Do you have any specific concerns, or have in mind some specific problems implicit return nil feature for functions with optional return type would cause in your daily work?

I think this feature would align pretty well with recent Swift language features and especially with features implemented with proposals that you mentioned.

Two obvious reasons:

1. nil is not that so special. You'd probably want to do the same for other values, making the language more complicated than needed:

func foo() -> Int = 42 {
    ...
}

2. The feature would make it too easy to forget to return what you need to return, as compiler would "help" you forgetting it:

func stringToInt(_ string: String) -> Int? {
    ...
    // ok?! should have been `return Int(string)`
    // there was no error or warning.
}

I thought this was going away. I need to update myself on this.

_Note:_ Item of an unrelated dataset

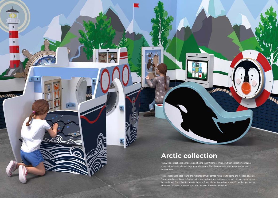 במשחקיות, מרפאות, גנים, חדרי המתנה ופינות בעיצוב ימי או קוטבי.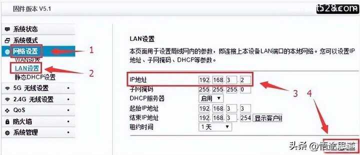 (4)、如果主路由器的IP地址是:192.168.3.1,则需要把TOTOLINK路由器的IP地址,修改为:192.168.3.2

Regardless, as much as I sometimes want this feature, I am hesitant to eliding more Swift especially when it comes to code flow.

I do believe it isn’t active harm either way. And I do believe such a feature could be easy to explain to new programmers.

If implicit nil for variables go away, I would even more against this proposal.

Another way to write the example is:

var roleAndCompany: String? {
    switch (role, company) {
    case let (role?, company?):
        "\(role) @ \(company)"
    case let (role?, nil):
        role
    case let (nil, company?):
        "@ \(company)"
    default:
        nil
    }
}

For consistency it would need to be permitted to omit the default: case. But Swift doesn't allow that for good reason - forgetting cases, or simply forgetting to finish a method implementation, are common programmer errors.

Omitting the return keyword is different, since doing so introduces no ambiguity w.r.t. the code's meaning and is much less likely to permit a typo.

So I tend to think implicit return values are not wise.

Please no. "Implicit" code make things harder to read and understand.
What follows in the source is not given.